当サイトはW3C標準に準拠するよう努力しておりますが、残念ながら現時点では〇〇(不足している機能などを記載)を提供できておりません。ただし、当社は専門家と協力して、〇〇を実装することでこの問題を修正しており、202x年x月x日までに完了する予定です。

連絡先の記載

最後に、ユーザーが質問やコメント、提案などをできるように、連絡先情報を記載します。さまざまな方法での連絡を可能にする目的で、電話番号やメールアドレス、郵送先住所など、複数記載しましょう。
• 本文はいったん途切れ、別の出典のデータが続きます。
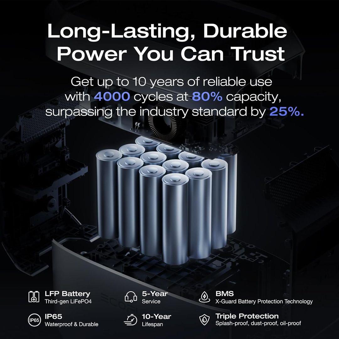Peace of mind for years to come – The advanced LiFePO4 (LFP) battery delivers over 4000 charge cycles without losing efficiency, giving you up to 10 years of reliable daily use.
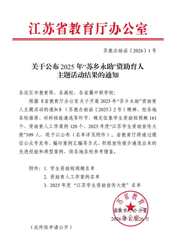 由江苏省教育厅主办的“苏乡永助”资助育人主题活动,旨在宣传国家资助政策和资助育人成效,引导学生树立正确的世界观、人生观和价值观,着力培养受助学生自立自强、知恩感恩、勇于担当的良好品质。我校高度重视此次活动,广泛动员师生参与作品创作,深度发掘资助典型。
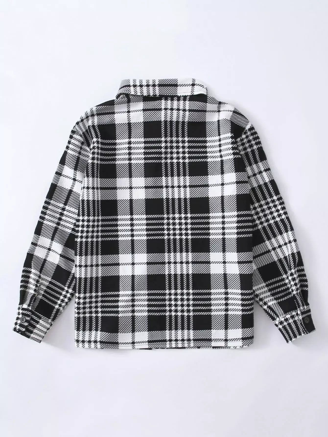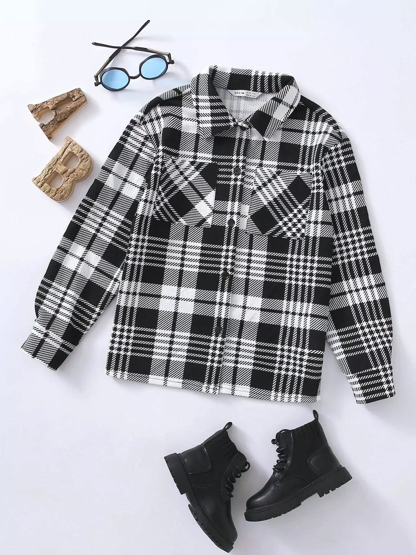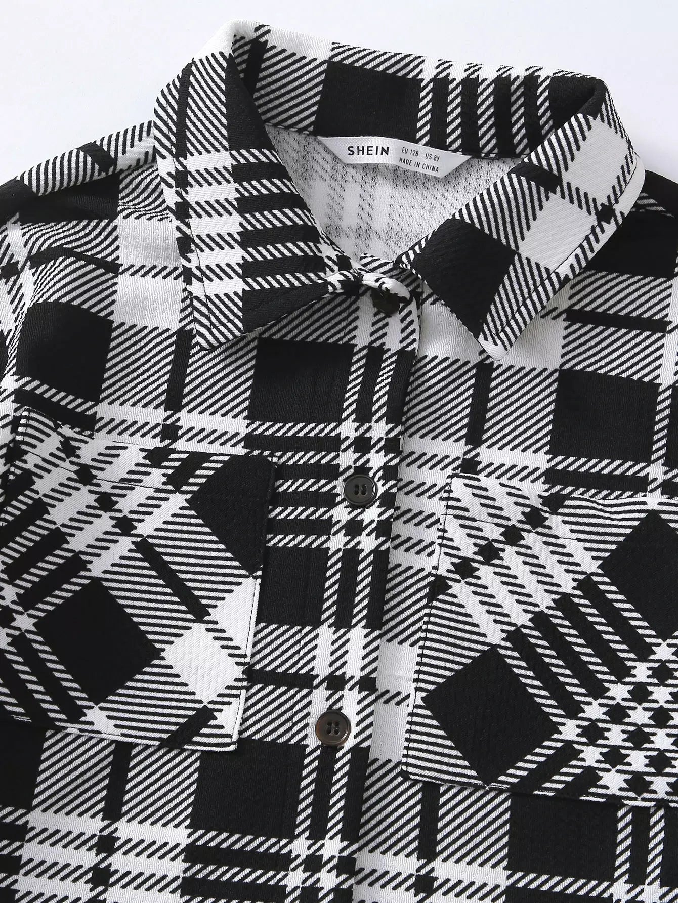 قميص منقوش بجيوب أمامية وياقة للأولاد
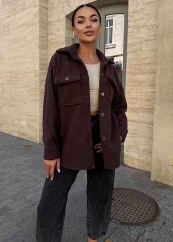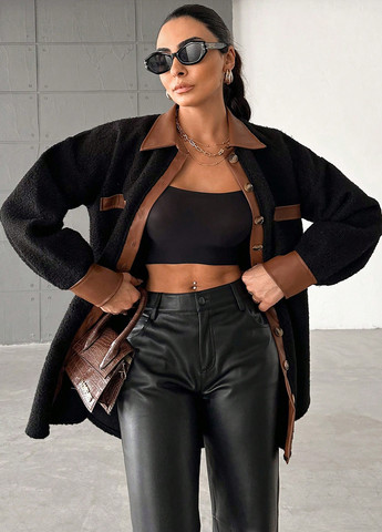 Куртка-сорочка Тедді із заниженими плечима та контрастною обробкою має комір. У неї довгі рукави із заниженою лінією плечей, виконана з нееластичної тканини.
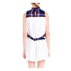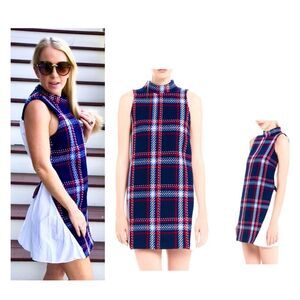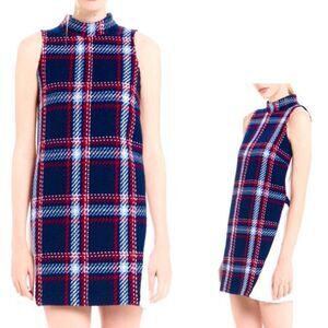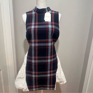 NWT English Factory Navy Plaid tweed shift dress with adjustable belt size large
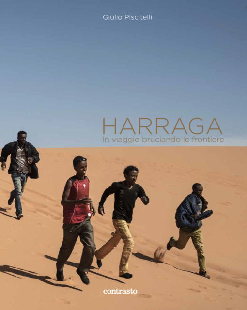 Quello di Piscitelli è infatti anche il primo reportage che documenta cosa attende i migranti al loro arrivo: i CIE, lo sfruttamento della manodopera a Rosarno, i campi di Castelvolturno. Giulio Piscitelli ha seguito anche La Rotta Balcanica documentando gli sbarchi sull’Isola di Kos e di Lesbo le migliaia di persone a Idomeni in attesa di attraversare il confine tra Grecia e Macedonia. La testimonianza presentata in Harraga è un lungo racconto che si articola in tre momenti fondamentali che corrispondono alle diverse fasi del reportage: dalle rotte africane verso l’Europa, passando per l’Italia e la Francia, fino ad arrivare alla rotta balcanica. Un diario visivo, un itinerario vissuto e raccontato in prima persona dal fotografo stesso. La spontaneità e l’intensità della scrittura diaristica, che accompagna con un unico grande sguardo le fotografie, amplifica il valore della testimonianza. L’attenzione del fotografo incontra “l’uomo” di cui racconta caso per caso e con grande umanità le esperienze e i drammi personali. Completano il volume un testo introduttivo di Alessandro Leogrande e le mappe inedite disegnate appositamente per questo lavoro dal cartografo Philippe Rekacewicz. Fino al 26 marzo il reportage, che ha vinto ha vinto la 13esima edizione del Premio Amilcare G. Ponchielli, è esposto a a Forma Meravigli (Milano) .
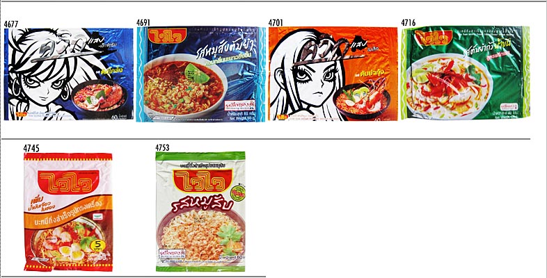 Thai Preserved Food Factory / WAIWAI2 ▲No. 年月日 メーカ/販売者 ジャンル 品名 4677 110821 袋ラーメン WAIWAI Quick Zabb / Tom Klong Flavour Instant Noodles 4691 110910 袋ラーメン WAIWAI Minced Pork Tom Yum Flavour Instant Noodles 4701 110924 袋ラーメン AIWAI Quick Zabb / Tom Yum Shrimp Flavour Instant Noodles 4716 111015 袋ラーメン WAIWAI Tom Yum Shrimp Cream Soup Flavour Instant Noodles 4745 111127 袋ラーメン WAIWAI Soeng Kreung Instant Noodle 4753 111210 袋ラーメン WAIWAI Minced Pork Flavour Instant Noodle

記載例は以下の通りです。

当サイトを全ユーザーにとってよりアクセスしやすいものにするためのご提案やアイデアを歓迎します。また、当サイトへのアクセスに問題がある場合は、以下までご連絡ください。
〇〇(電話番号)
△△(メールアドレス)
◇◇(郵送先住所)

まとめ

まとめ

ウェブアクセシビリティ方針とは、自社のWebサイトにおけるアクセシビリティの基本的な考え方や目標を記載したもののことです。対象範囲や適合レベルと対応度などを、具体的に記述します。

ただ、方針作成やウェブアクセシビリティに対応しているかのチェック、Webサイトの改修など、全てを人手により行えば多くの手間と時間がかかります。効率的な対応に向け、ツールの活用がおすすめです。